- Promotional poster
- Directed by: Ema Ryan Yamazaki
- Produced by: Eric Nyari;
- Starring: Ayame
- Cinematography: Kazuki Kakurai
- Edited by: Mizuki Toriya
- Music by: Päivi Takala
- Production companies: Cineric Creative; NHK;
- Distributed by: The New York Times Op-Docs;
- Release date: June 14, 2024 (DC/DOX Fest);
- Running time: 23 minutes
- Country: Japan
- Language: Japanese

= Instruments of a Beating Heart =

2024 documentary short film by Ema Ryan Yamazaki

Instruments of a Beating Heart is a 2024 Japanese documentary short film directed by Ema Ryan Yamazaki. Edited down from Yamazaki's 2023 feature The Making of a Japanese, the film documents the challenge presented to the first graders in a Tokyo public elementary school of performing "Ode to Joy" at the ceremony for the new incoming first graders, as their assignment for the final semester.
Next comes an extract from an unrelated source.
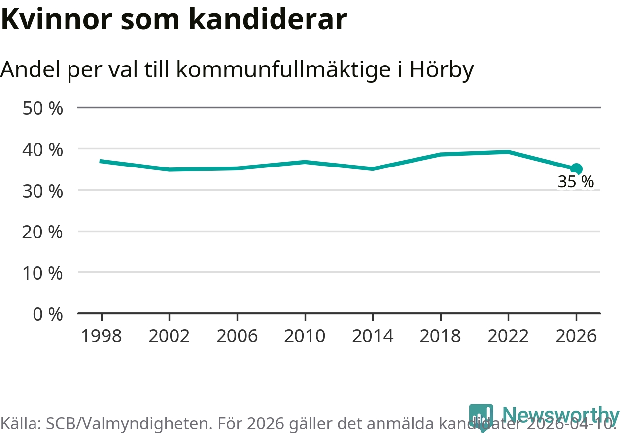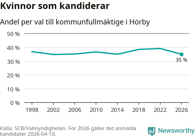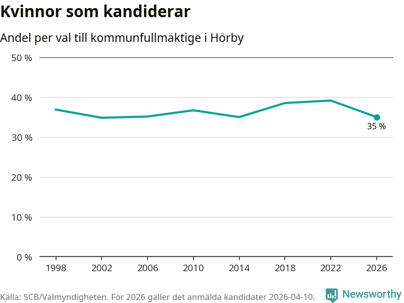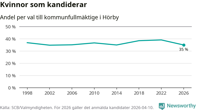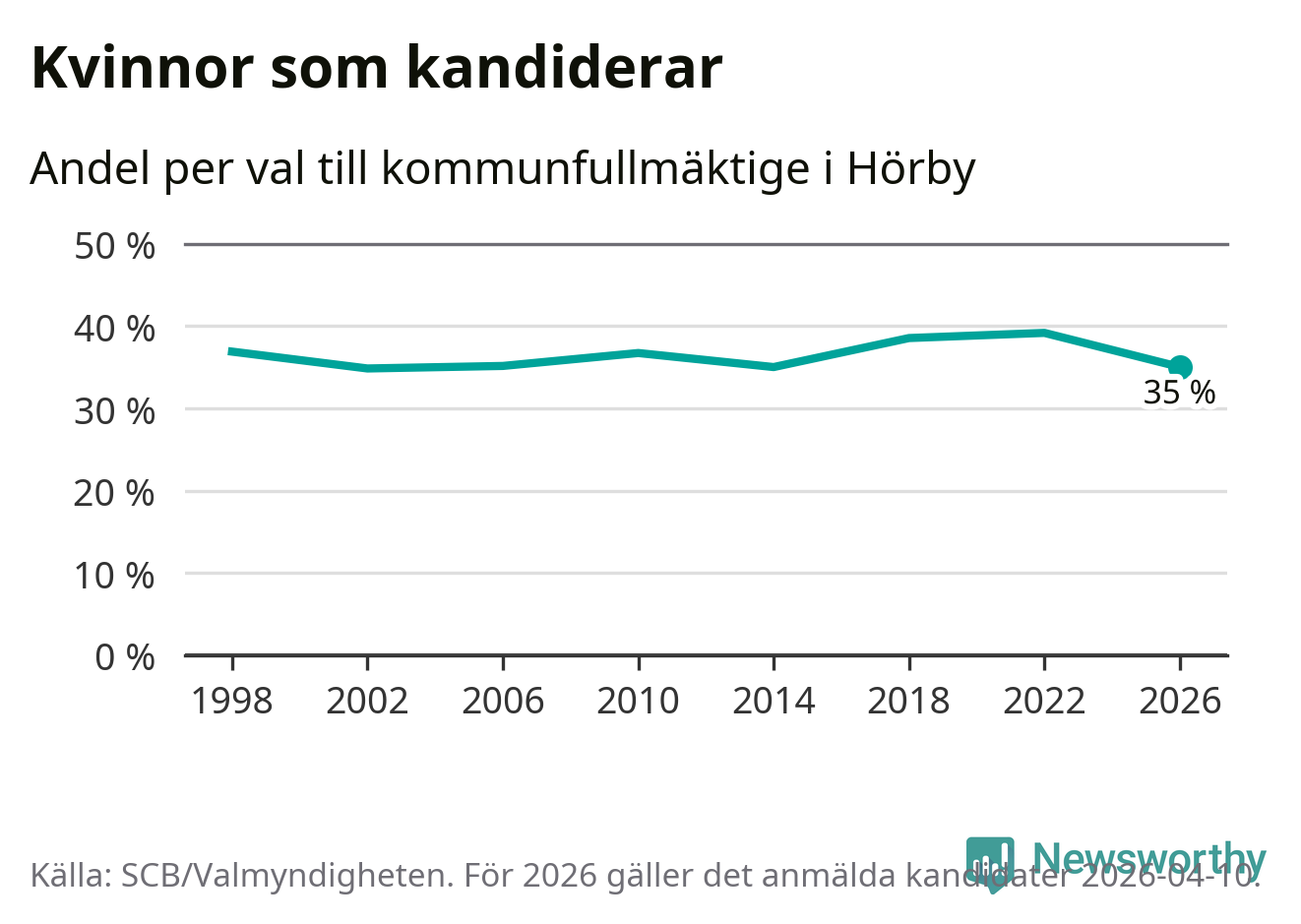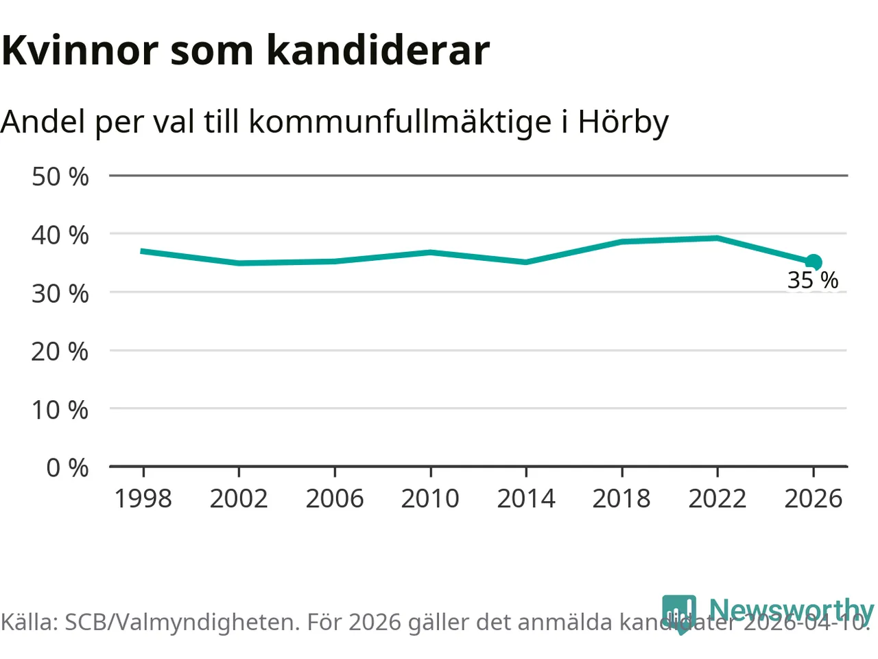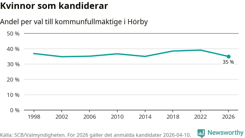 På torsdagen var det deadline för partier med låsta listor att registrera sina kandidater inför höstens val. Till valet till kommunfullmäktige i Hörby är 137 kandidater anmälda på sådana listor, vilket är 13 färre än i valet 2022. Det är den lägsta siffran sedan åtminstone valet 1998, vilket är så långt tillbaka som vi har statistik för.

Instruments of a Beating Heart had its world premiere on June 14, 2024, in the Shorts Program: One-of-a-Kind of DC/DOX Film Festival 2024. It won Best Short Documentary at the 40th IDA Documentary Awards and was nominated for Best Documentary Short Film at the 97th Academy Awards.

==Summary==

The documentary follows Ayame, a soon to be second grade school girl eager to participate in a group performance of Beethoven's "Ode to Joy" to welcome new first graders. Encouraged by the teacher to think beyond herself, Ayame wins the cymbal role in the audition. However, a lack of dedication to her task leads to mistakes during rehearsals, prompting the teacher to emphasize the importance of harmony and diligence. Following a reprimand during practice, Ayame loses confidence. Classmates and teachers offer encouragement and support, leading her to rejoin the group and become a part of its eventual success.

==Cast==
- Teachers and students of Tokyo public elementary school

==Release==

It had its International Premiere on June 21, 2024, in the Shorts –3 of Doc Edge Film Festival 2024.

It had its Midwest premiere at the Indy Shorts Film Festival on 25 July 2024 in Music.

The film was made available for streaming on November 18, 2024 via YouTube and The New York Times Op-Docs.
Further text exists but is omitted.